Ultrasound waves move at hundreds of miles per hour, while infrared

waves move at hundreds of thousands of miles per second.

Infrared sensing can have problems. For example:

A source of infrared light from an open flame (birthday cake

candles, for instance) can confuse the infrared sensor.

A black subject surface may absorb the outbound infrared

beam.

The infrared beam can bounce off of something in front of the

subject rather than making it to the subject.

One advantage of an active autofocus system is that it works in

the dark, making flash photography much easier.

On any camera using an infrared system, you can see both the

infrared emitter and the receiver on the front of the camera,

normally near the viewfinder.

To use infrared focusing effectively, be sure the emitter and

the sensor have a clear path to and from your subject, and are not

blocked by a nearby fence or bars at a zoo cage. If your subject is

not exactly in the middle, the beam can go right past the subject

and bounce off an undesired subject in the distance, so be sure the

subject is centered. Very bright subjects or bright lights can make

it difficult for the camera to "see" the reflected infrared beam --

avoid these subjects when possible.

Passive Autofocus

Passive autofocus, commonly found on single-lens reflex (SLR)

autofocus cameras, determines the distance to the subject by

computer analysis of the image itself. The camera actually looks at

the scene and drives the lens back and forth searching for the best

focus.

A typical autofocus sensor is a charge-coupled device (CCD) that

provides input to algorithms that compute the contrast of the

actual picture elements. The CCD is typically a single strip of 100

or 200 pixels. Light from the scene hits this strip and the

microprocessor looks at the values from each pixel.

The microprocessor in the camera looks at the strip of pixels

and looks at the difference in intensity among the adjacent pixels.

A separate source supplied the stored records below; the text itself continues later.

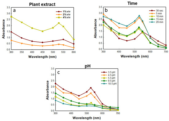 GP-AuNP stability was examined by UV–VIS performed at different time intervals and pH at ambient temperature. To check the time stability, the absorbance of the collected nanoparticle was determined from 30 s to 20 min. Similarly, the pH stability was selected in the range of 3–10 pH with a UV–VIS spectrophotometer [62].
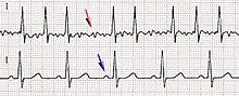 In the normal heart of the lower tracing, “P” waves (lower arrow) arise from the atrial chamber at the heart’s top. The “wiring” in this area beats slowly and regularly to initiate each P wave and then heartbeat. The larger “QRS” waves after these are the electrical activity of the major heart chambers.
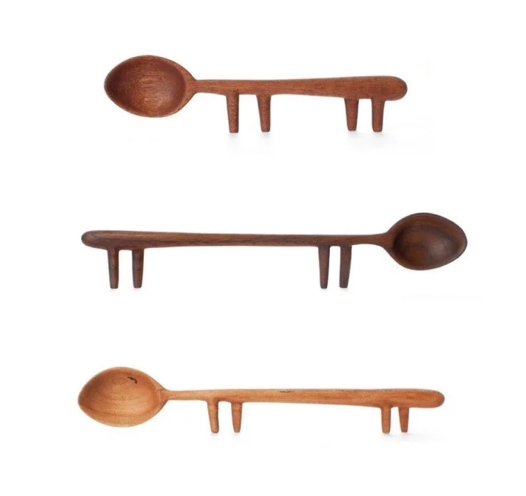 Sculptural spoon objects from various domestic hardwoods and offcuts.
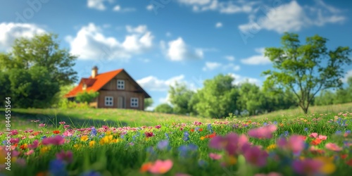 house, Countryside Farmhouse Quaint blurred background image of a farmhouse surrounded by lush fields, blooming flowers, and a clear sunny sky.
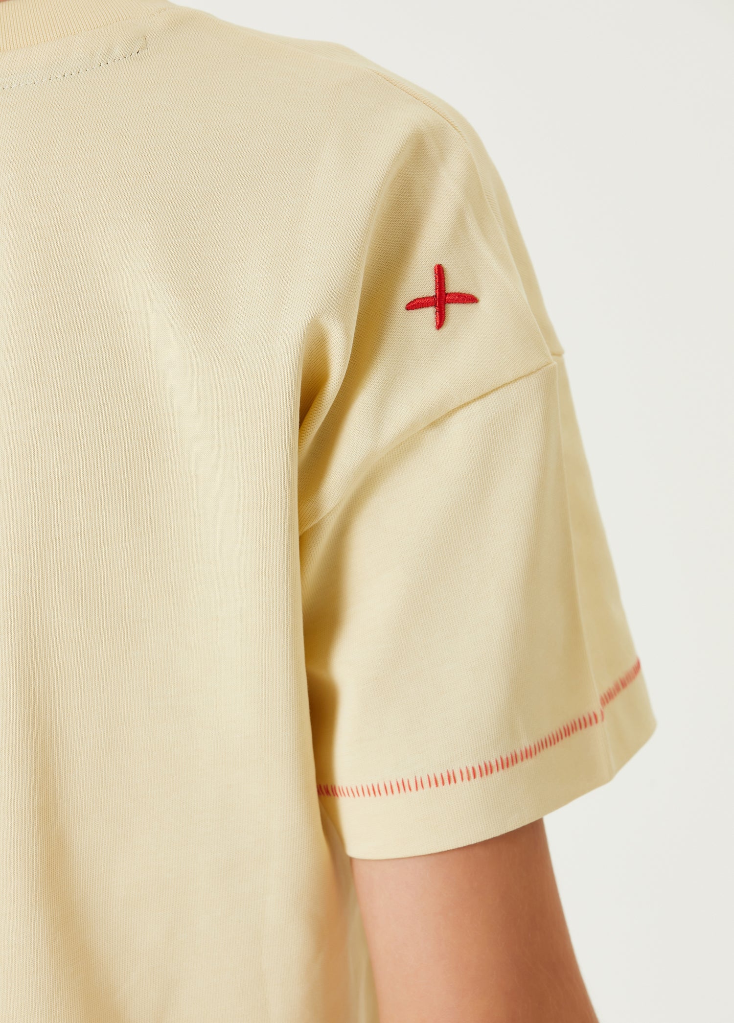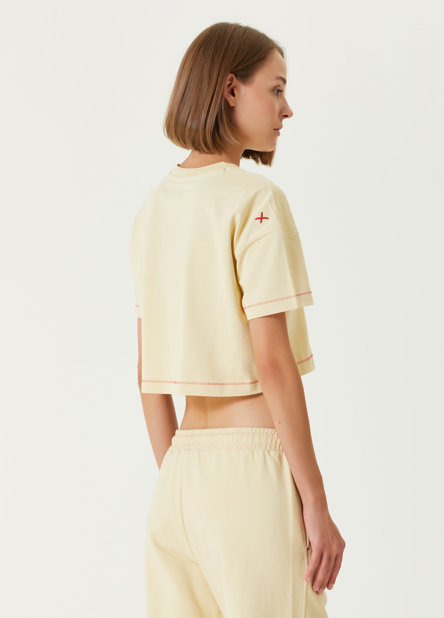 Bu kadın crop tişört, sade ama iddialı tarzıyla günlük görünümüne karakter katar ve özgün stilini vurgular.
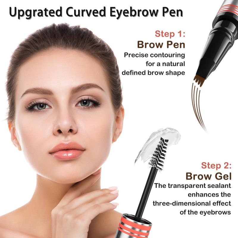 - Dual End Brow Pen & Clear Brow Gel: The advanced microblading eyebrow pen with 4-fork-tip is easy to fill in sparse areas and blend color. Witness the ultra-fast, simple route to achieving impeccably defined, naturally full brows in mere seconds, mirroring the allure of real 3D hair strands!while the clear eyebrow gel enhances and locks the brows in position for non-tight brows. Sweat, smudge and humidity resistant.You also could use the brow gel to your mascara makeup.
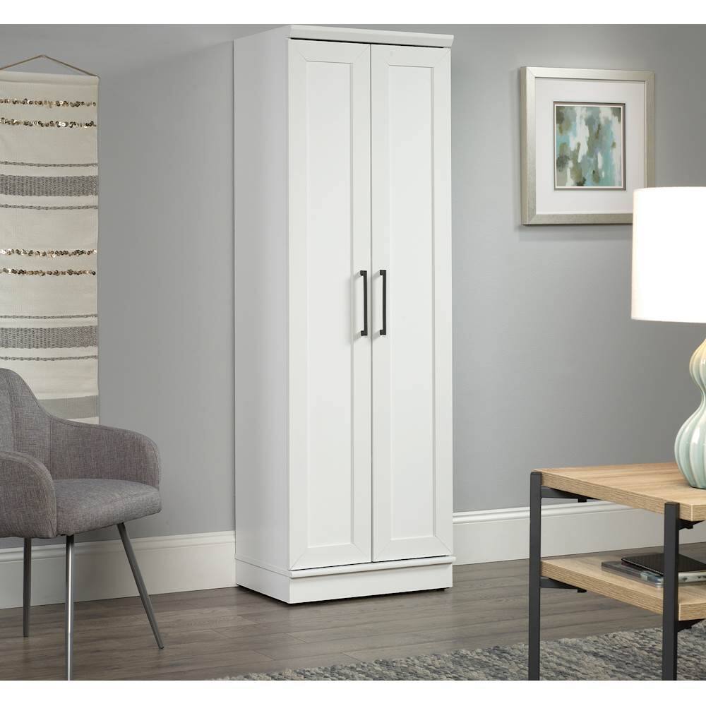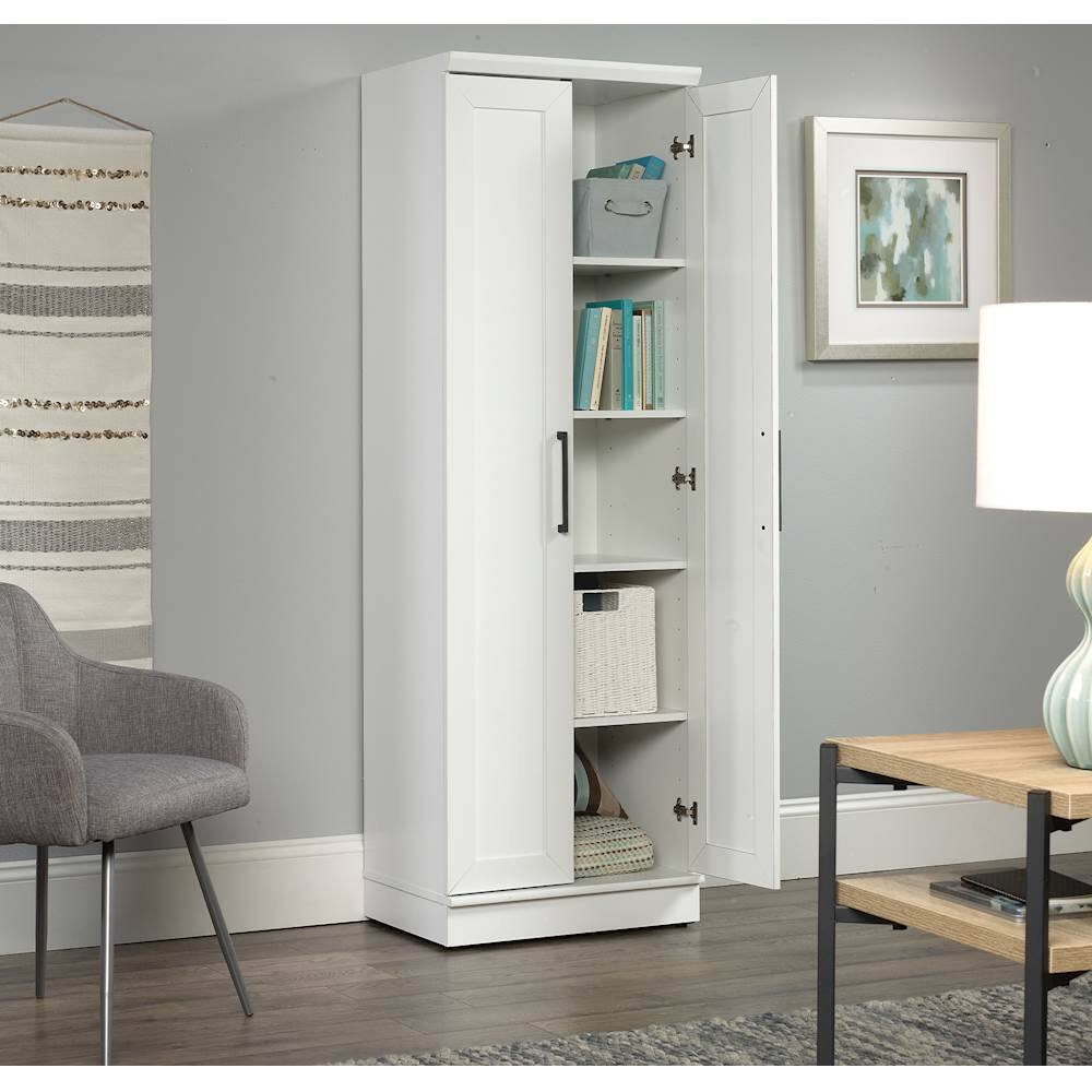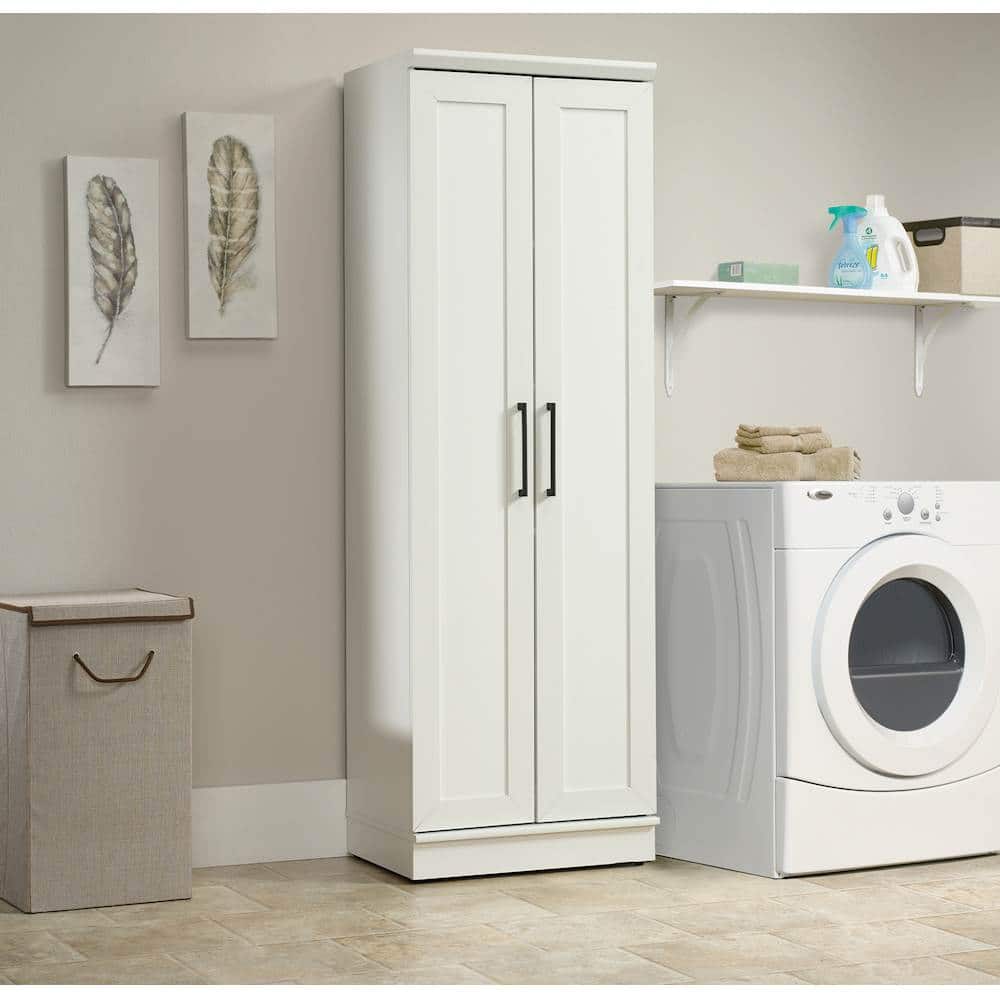 Expand storage capacity in the kitchen, laundry room or bathroom with this 23.25-inch Sauder HomePlus storage cabinet. Its paneled doors open to reveal four shelves for keeping items out of sight. The soft white finish on this Sauder HomePlus storage cabinet makes it an easy fit with your existing furnishings.
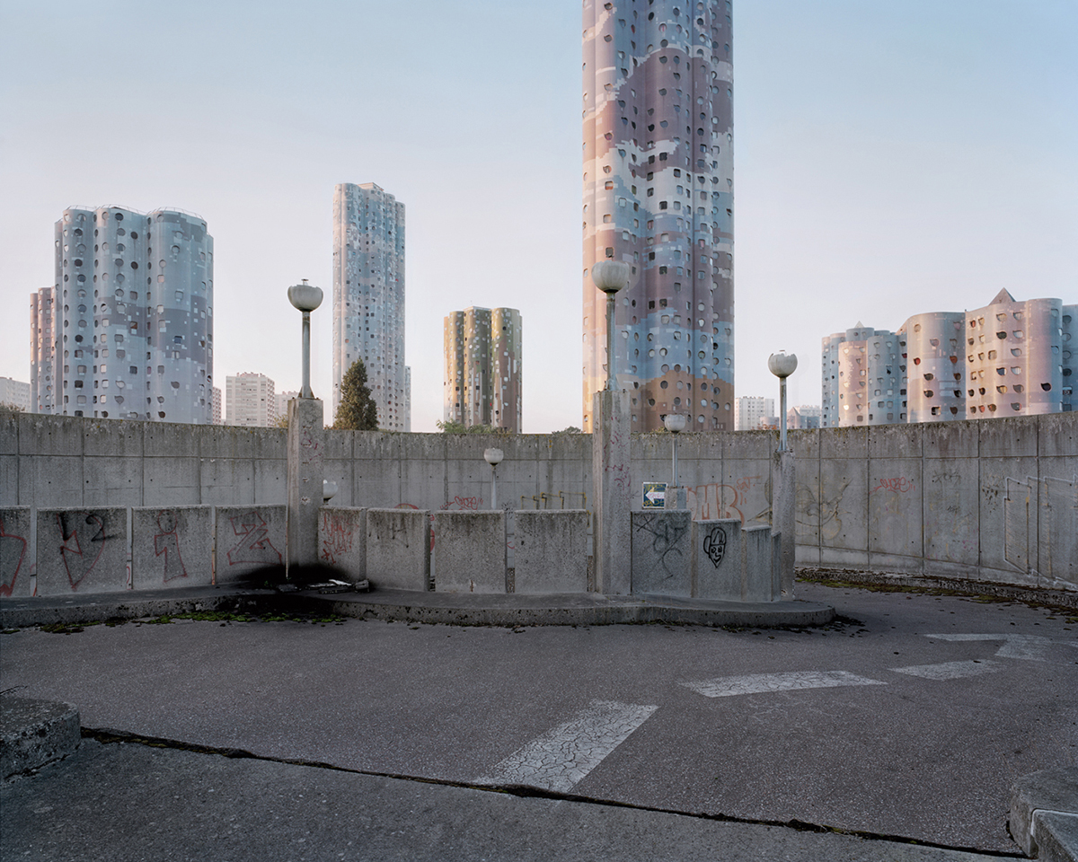 His photographs are tinted with melancholic, yet brave disenchantment. The majestic mass of the futuristic vessels seems to drift across an ocean of concrete. But the presence of old people, which might seem unexpected in such settings, paradoxically hints at a possible hope, as if past illusions were not all dead yet. Using a 4×5” analog camera, the artist highlights the architectural geometry without stamping out the details.

If the scene is out of focus, adjacent pixels have very similar

intensities. The microprocessor moves the lens, looks at the CCD's

pixels again and sees if the difference in intensity between

adjacent pixels improved or got worse. The microprocessor then

searches for the point where there is maximum intensity difference

between adjacent pixels -- that's the point of best focus. Look at

the difference in the pixels in the two red boxes above: In the

upper box, the difference in intensity between adjacent pixels is

very slight, while in the bottom box it is much greater. That is

what the microprocessor is looking for as it drives the lens back

and forth.

Passive autofocus must have light and image contrast in order to

do its job. The image needs to have some detail in it that provides

contrast. If you try to take a picture of a blank wall or a large

object of uniform color, the camera cannot compare adjacent pixels

so it cannot focus.

There is no distance-to-subject limitation with passive

autofocus like there is with the infrared beam of an active

autofocus system. Passive autofocus also works fine through a

window, since the system "sees" the subject through the window just

like you do.

Passive autofocus systems usually react to vertical detail. When

you hold the camera in the horizontal position, the passive

autofocus system will have a hard time with a boat on the horizon

but no problem with a flagpole or any other vertical detail. If you

are holding the camera in the usual horizontal mode, focus on the

vertical edge of the face. If you are holding the camera in the

vertical mode, focus on a horizontal detail.

Newer, more expensive camera designs have combinations of

vertical and horizontal sensors to solve this problem. But it's

still the camera user's job to keep the camera's sensors from being

confused on objects of uniform color.

You can see how much area your camera's autofocus sensors cover

by looking through the viewfinder at a small picture or a light

switch on a blank wall. Move the camera from left to right and see

at which point the autofocus system becomes confused.